## Task
Look in the data below for the line that has "1K(洋室8.0帖・キッチン2.4帖・玄関・トイレ) |", then print exactly every line from there through the line that has "Pick a wet food", leaving pictures out.

Data for this exercise Start Marker

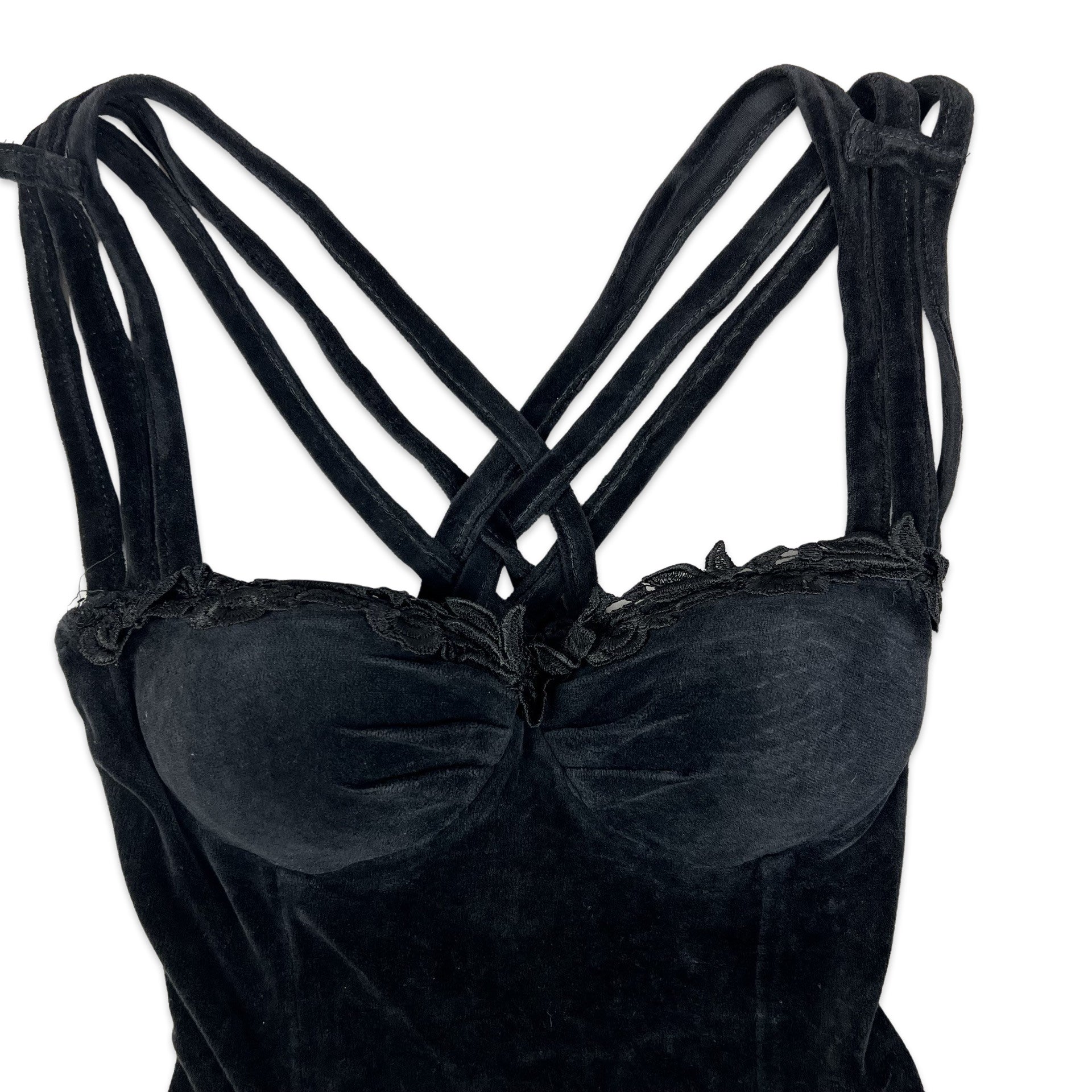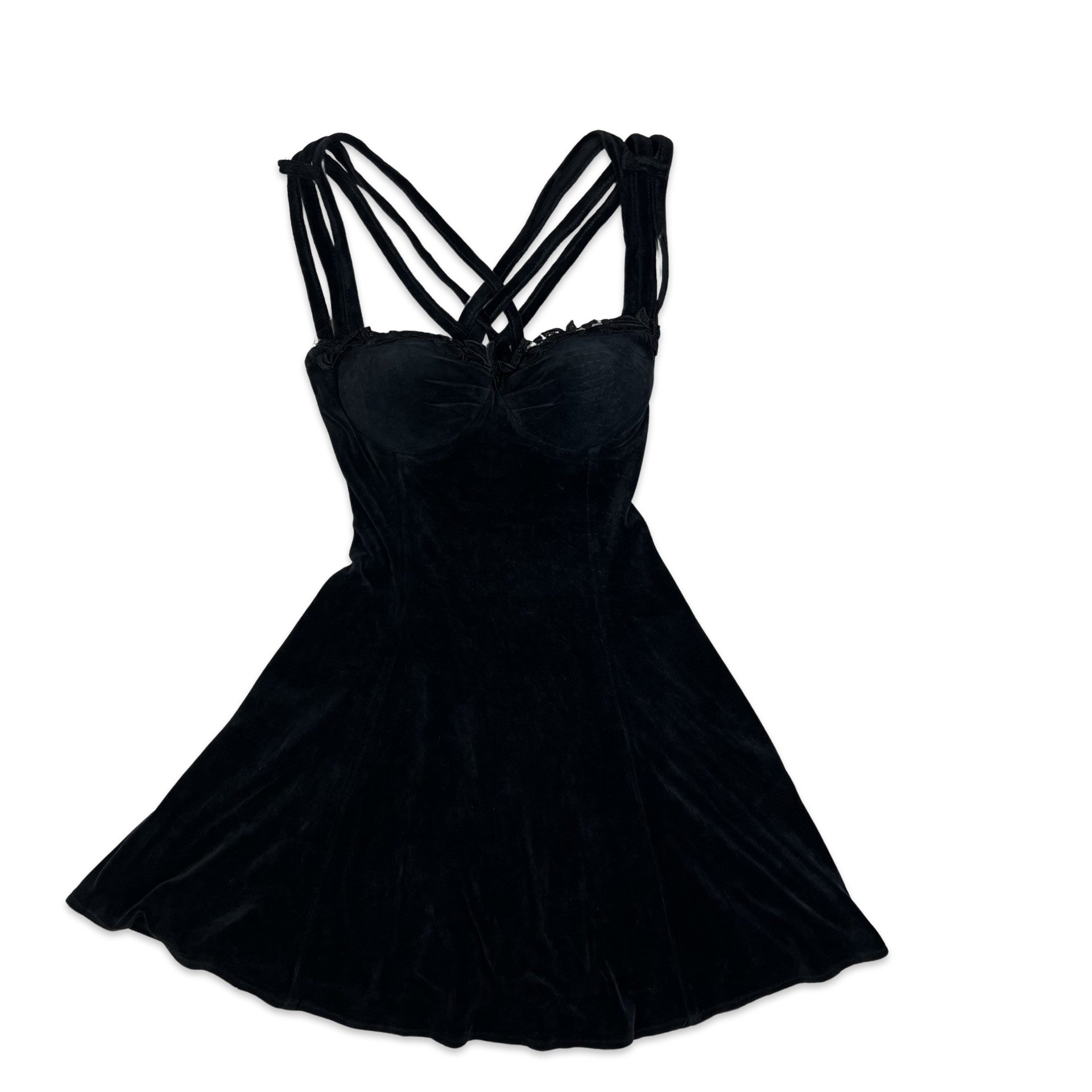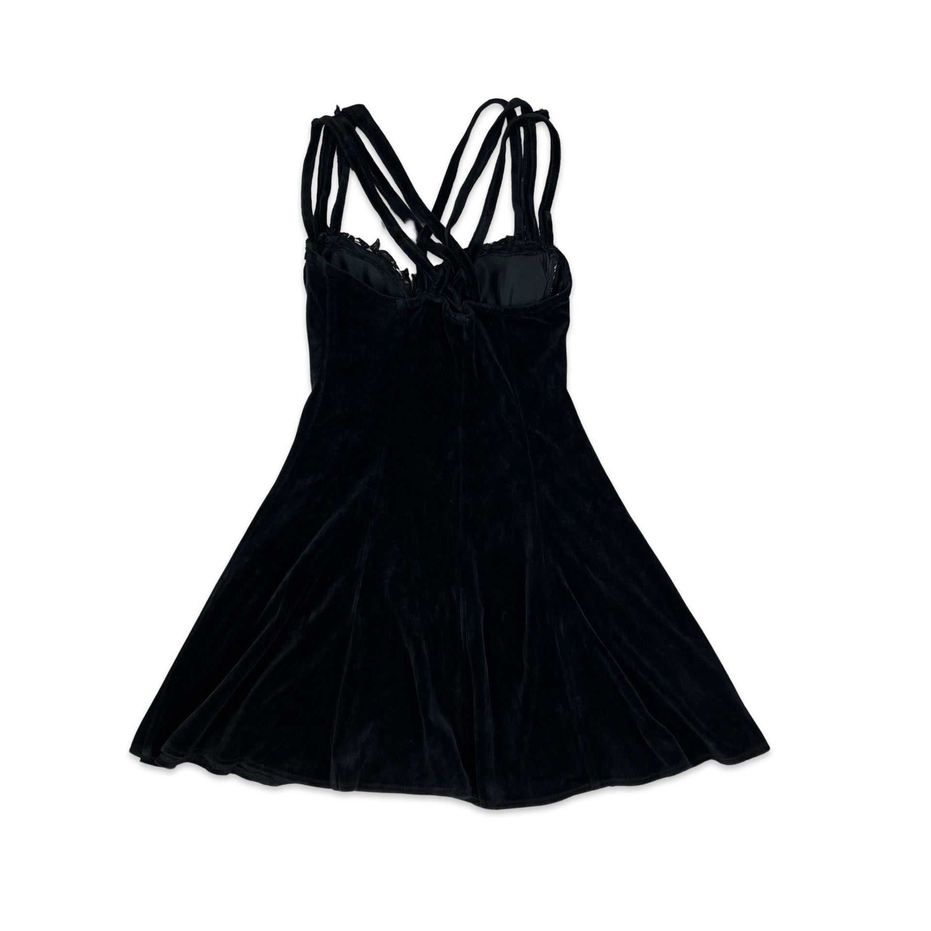 Vintage 90s style velvet skater dress with lattice cross back straps. Built in bust cups with lace detail trim.
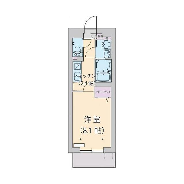 1K(洋室8.0帖・キッチン2.4帖・玄関・トイレ) |
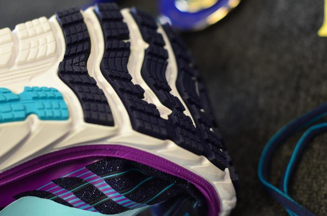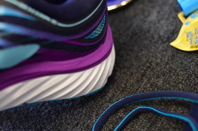 结论:Brooks前掌,包括中底、大底材料都采用非常弹性材料。另外,大底的弯形凹槽,为跑鞋提供了更多的灵活性,让跑者能最大程度踩蹬发力,奔跑更轻松。
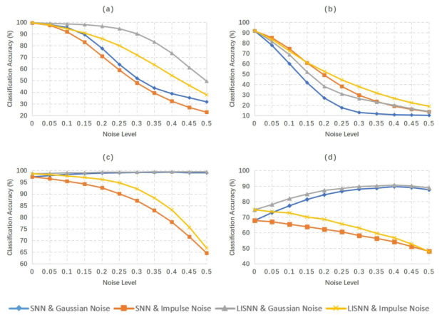 圖4中,灰線和藍線分別代表LISNN和沒有側向作用的SNN在添加了G斯噪聲的測試集上的準確率;黃線和橙線分別代表LISNN和沒有側向作用的SNN在添加了脈沖噪聲的測試集上的準確率。在大部分情況下,LISNN的性能損失都小于沒有側向作用的SNN,尤其是在訓練集中沒有添加噪聲數據的情況下。
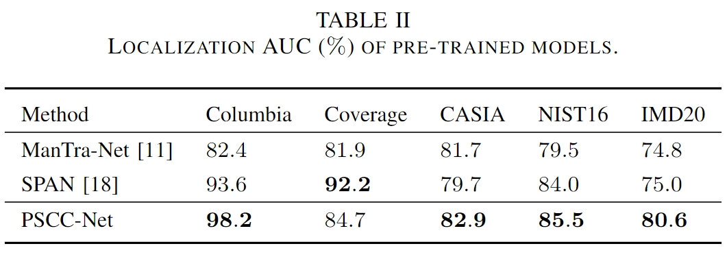 X. Liu, Y. Liu, J. Chen, and X. Liu, “PSCC-Net: Progressive Spatio-Channel Correlation Network for Image Manipulation Detection and Localization,” Ieee T Circ Syst Vid, vol. PP, no. 99, pp. 1–1, 2022, doi: 10.1109/tcsvt.2022.3189545.
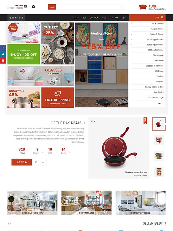 Funi is the Furniture eCommerce OpenCart theme for any decoration or interior store. By providing a lot of functional extensions such as Mega Menu with multi-columns (sticky Menu – Fixed menu), Visual Page Builder, OnePage checkout, attractive homepage slider with many smooth effects, multi-language, multi-currency, image popup view and much more, super faster speed to enhance the customers’ experiences.
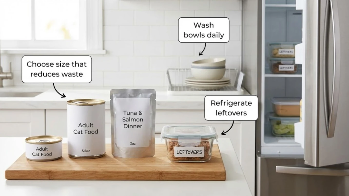 Pick a wet food you can feed consistently that’s labeled “complete & balanced” for your cat’s life stage, then choose packaging that minimizes leftovers, refrigerate promptly, and don’t leave wet food out for long at room temperature.
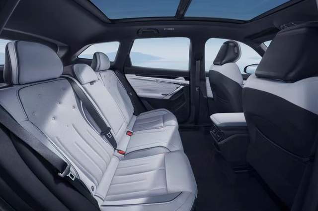 比较炫酷的是,日行灯在点亮后会和中间的白色logo一起点亮,就会形成完整的横向贯穿灯带效果,前后大灯均采用了横向贯穿设计,互相呼应。大面积格栅下方则是熏黑的气流疏导口,这部分可以将迎面撞击的气流向下打散,减少风阻系数,也让整个前脸更富有科技感和未来感。
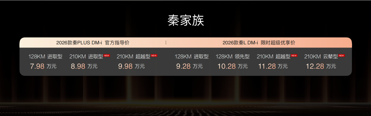 此次,2026款秦PLUS DM-i三款车型售价7.98万元-9.98万元;2026秦L DM-i四款车型限时超级优享价9.28万元-12.28万元;2026款宋Pro DM-i限时超级优享价9.98万元-12.78万元。
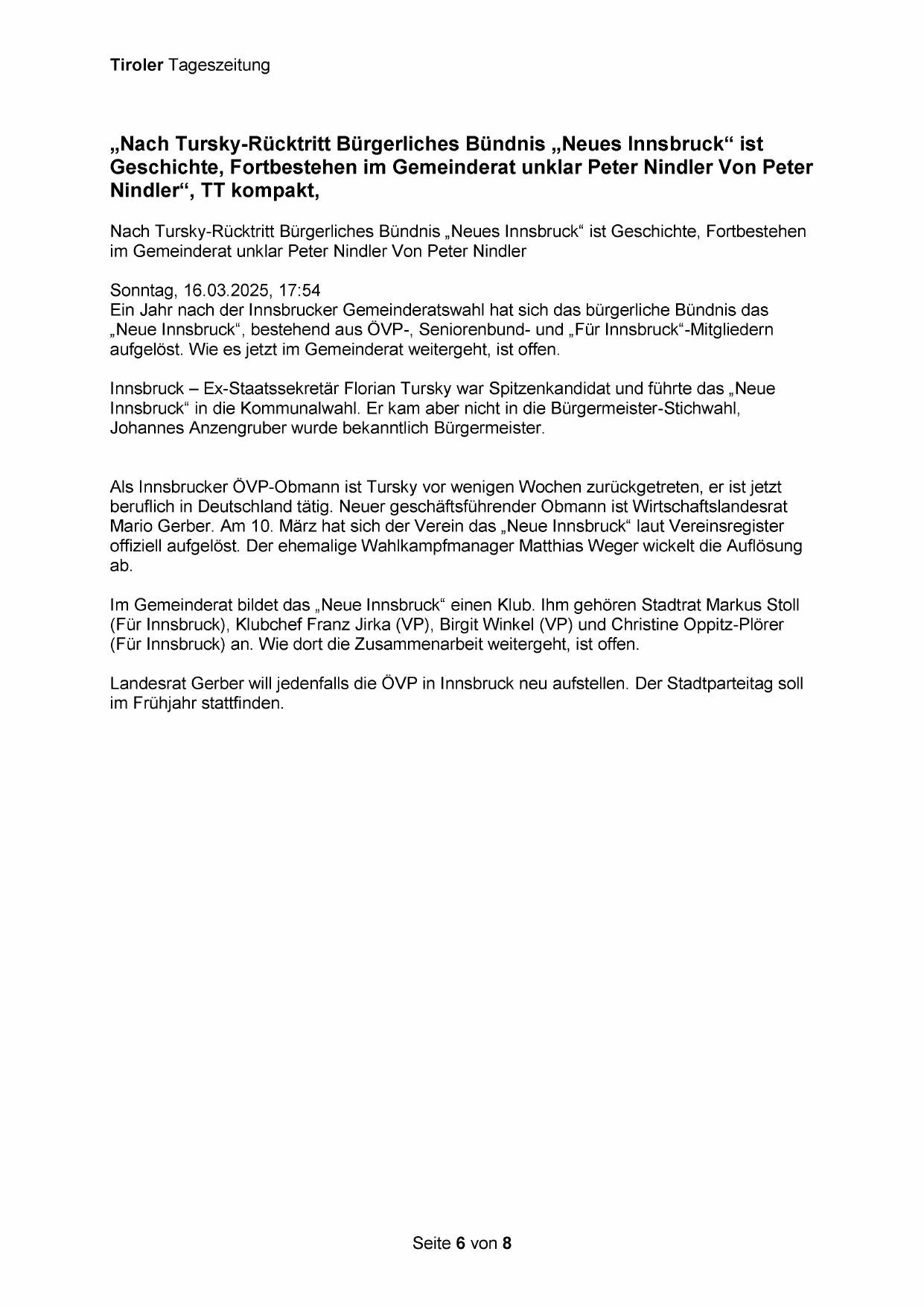 Nach Tursky-Rücktritt Bürgerliches Bündnis „Neues Innsbruck“ ist Geschichte, Fortbestehen
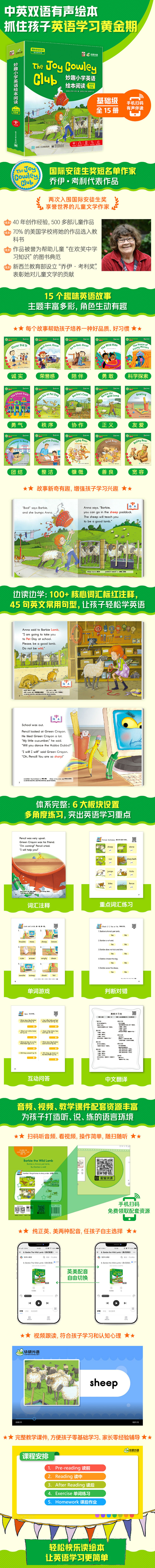 绘本故事提供英音和美音两种录音,重点词汇、互动问答、趣味练习等由美国外教示范朗读,手机扫描二维码即可在线听音,也可使用配套点读笔互动学习。
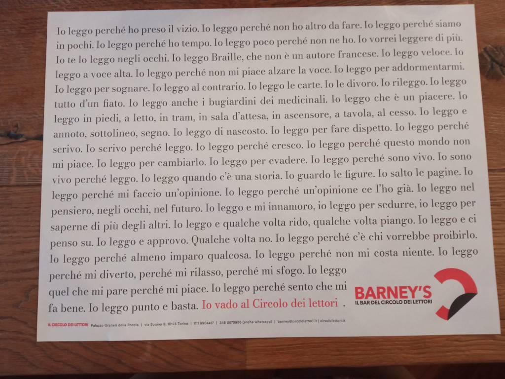 Tra i ristoranti in cui ho mangiato quello che mi ha affascinata – ça va sans dire – è stato il Barney’s del Circolo dei lettori. Questo circolo propone un’offerta ricca e diversificata di incontri ed eventi e mette quotidianamente a disposizione le proprie sale di lettura a chi cerca un posto tranquillo per studiare o lavorare nel settecentesco Palazzo Graneri della Roccia, in via Bogino 9, già sede del Circolo degli Artisti. Nato nel 2006, il Circolo dei lettori è un centro culturale dinamico, curioso e innovativo: presentazioni editoriali, incontri con grandi autori – italiani e internazionali – e di piccole case editrici, reading, spettacoli, confronti e dialoghi. Ritrovarsi intorno ai libri per condividere mondi e punti di vista, idee e passioni.

Data for this exercise End Marker

## Your response
 1K(洋室8.0帖・キッチン2.4帖・玄関・トイレ) |
 结论:Brooks前掌,包括中底、大底材料都采用非常弹性材料。另外,大底的弯形凹槽,为跑鞋提供了更多的灵活性,让跑者能最大程度踩蹬发力,奔跑更轻松。
 圖4中,灰線和藍線分別代表LISNN和沒有側向作用的SNN在添加了G斯噪聲的測試集上的準確率;黃線和橙線分別代表LISNN和沒有側向作用的SNN在添加了脈沖噪聲的測試集上的準確率。在大部分情況下,LISNN的性能損失都小于沒有側向作用的SNN,尤其是在訓練集中沒有添加噪聲數據的情況下。
 X. Liu, Y. Liu, J. Chen, and X. Liu, “PSCC-Net: Progressive Spatio-Channel Correlation Network for Image Manipulation Detection and Localization,” Ieee T Circ Syst Vid, vol. PP, no. 99, pp. 1–1, 2022, doi: 10.1109/tcsvt.2022.3189545.
 Funi is the Furniture eCommerce OpenCart theme for any decoration or interior store. By providing a lot of functional extensions such as Mega Menu with multi-columns (sticky Menu – Fixed menu), Visual Page Builder, OnePage checkout, attractive homepage slider with many smooth effects, multi-language, multi-currency, image popup view and much more, super faster speed to enhance the customers’ experiences.
 Pick a wet food you can feed consistently that’s labeled “complete & balanced” for your cat’s life stage, then choose packaging that minimizes leftovers, refrigerate promptly, and don’t leave wet food out for long at room temperature.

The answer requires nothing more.